In the fullness of time descends the eternal Logos, "In the fullness of time God sent forth his Son made of a woman, made under the law, to redeem them that are under the law from the curse of it, being made a curse for us." The Lord Jesus Christ being clothed in human nature, fulfilled all righteousness; he submitted to every institution of God, and was pleased to obey the whole moral law; and afterwards, O can we think of it, O can you hear of it, without a heart leaping with joy, at last the Lord Jesus bled and died! And when he was just expiring, just as he was about to bow down his head, and give up the ghost, what do ye think he said? He said, "It is finished!" As much as to say, "Now the arduous work, the difficult task I had undertaken, blessed be God, is not completely over; all the demands of the law are finished; now God's justice is satisfied; now a new and living way is opened by my blood to the holiest of all for poor sinners."
So that when Christ's righteousness is here spoken of, we are to understand "Christ's obedience and death," all that Christ has done, and all that Christ has suffered for an elect world, for all that will believe on him. And blessed be God for this righteousness! Blessed be God for the epithet which in the text is put to this righteousness; it might be called a blessed righteousness, it might be called a glorious righteousness, it might be called an invaluable righteousness; but the angel calls it an everlasting righteousness: God give you to take the comfort of it!
SECONDLY, I am to show, on what account, this righteousness is here called an everlasting righteousness; and pray why do you think is Christ's righteousness called an everlasting righteousness?
I suppose it is called an everlasting righteousness,
FIRST, Because Christ's righteousness was intended by the great God to extend to mankind even from eternity. All of you know, that old love is the best love. When we have an old acquaintance, a friend, that has loved us for many years, indeed that love is sweet: though we may love new friends, yet when an old friend and a new friend meet together, we may say, that the old is better. Now this should endear God to us, to think that from all the ages of eternity God had thoughts of you; God intended the Lord Jesus Christ to save your souls and mine: hence it is, that God, to endear Jeremiah to him, tells him, I have love thee with an everlasting love. Hence it is, that the Lord Jesus when he calls his elect people up to heaven, says, "Come, ye blessed of my Father;" what follows? "receive the kingdom prepared for you;" how long? "from the foundation of the world." All that we receive in time; all the streams that come to our souls, are but so many steams flowing from that inexhaustible fountain, God's electing, God' s sovereign, God' s distinguishing, God's everlasting love; and, therefore, the righteousness of Jesus Christ may properly be called an everlasting righteousness, because God intended it from everlasting.

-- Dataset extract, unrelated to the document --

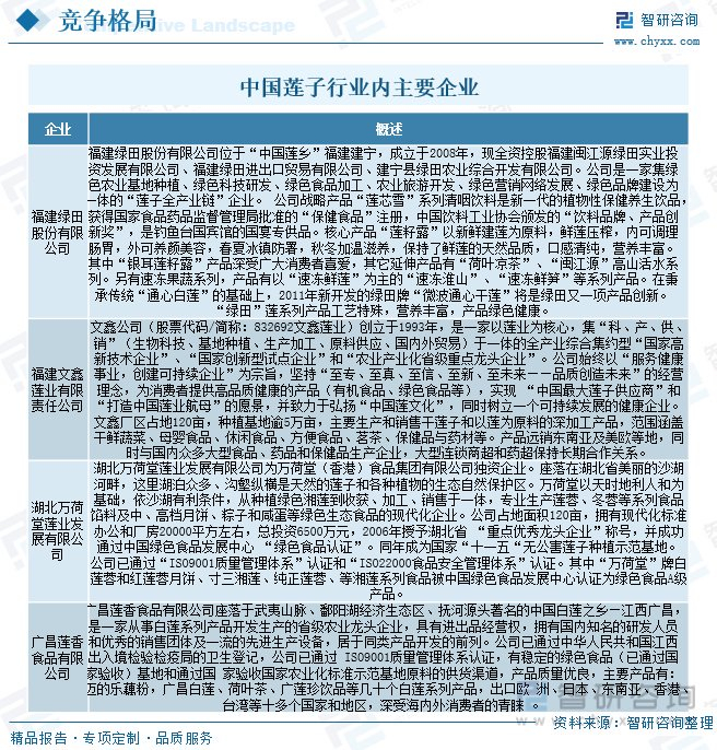 莲属植物是重要的水生经济植物,广泛分布于全国各地,其中以长江流域以南栽培较多,水田、低洼地、池塘、湖荡均可种植,近十年来发展速度很快。莲子种植、加工行业,市场需求量大,前景广阔,但行业集中度不高,市场格局较为分散,市场呈现出同质化竞争格局,价格竞争尤为激烈。此外,近年来随着政府的大力扶持以及不断增长的市场需求,行业内部竞争日趋激烈。目前,中国莲子行业内规模较大企业主要包括福建绿田股份有限公司、福建文鑫莲业有限责任公司、湖北万荷堂莲业发展有限公司、广昌莲香食品有限公司等,其中,福建绿田股份有限公司是一家以莲业为核心的全产业综合集约型重点龙头企业,一直专心致力于莲产业链种植、生产、销售、推广、服务及产业化,为实现公司“莲籽基地扩张、高新科技引领、产品质量卓越、营销网络完善、打响自主品牌、经济效益显著”的总体目标做好稳步地推进工作。

SECONDLY, It is called an everlasting righteousness, because the efficacy of Christ's death took place immediately upon Adam's fall. Christianity, in one sense, is as old as the creation. Great Professor Franck, of Germany, says, "That Christ is the sum and substance of all righteousness." Mr. Henry observes, "That the Lord Jesus Christ is the treasure hid in the field of the Old Testament, under the types and shadows of the Mosaic dispensation." We have the Sun of Righteousness shining in his full meridian in the New Testament dispensation." We have the Sun of Righteousness shining in his full meridian in the New Testament dispensation. Now the righteousness of Jesus Christ, may be called an everlasting righteousness, because all the saints that have been saved, or that ever will be saved, are all saved by the righteousness of Christ. A great many censorious people are mighty inquisitive to know, what will become of the heathens, that never heard of Jesus Christ. I would say to such persons, as the Lord Jesus Christ did to another curious inquirer, "What is that to thee? Follow thou me." Pray, for what should you and I trouble ourselves about the heathens? Are not we heathens? It is too true, that we have too much of a heathens temper and practice with us. But why should we lost our time in inquiring about what will become of the heathen, and not rather inquire what will become of our own souls? We may be sure God will deal with heathens according to their light: if he has given them no revelation, they will not be judged by a revelation; if they have not had a law, they will be judged without law. But as for the Jews and Gentiles, who have the gospel revealed to them, however Deists may argue contrary to it; however they may set up reason in opposition to divine revelation; we may be sure none were ever saved, or will be saved, but by the righteousness of Christ. It was through faith in him, that Abel was saved; it was through the sacrifice of Jesus Christ, that Abraham was accepted, and that all the prophets of old were accepted; and there is none other name given under heaven, whereby we can be saved, but that of Christ. And therefore, since persons under the law, and under the gospel, are to be saved only through Christ; therefore, Christ's righteousness may properly be called an everlasting righteousness. But this is not all.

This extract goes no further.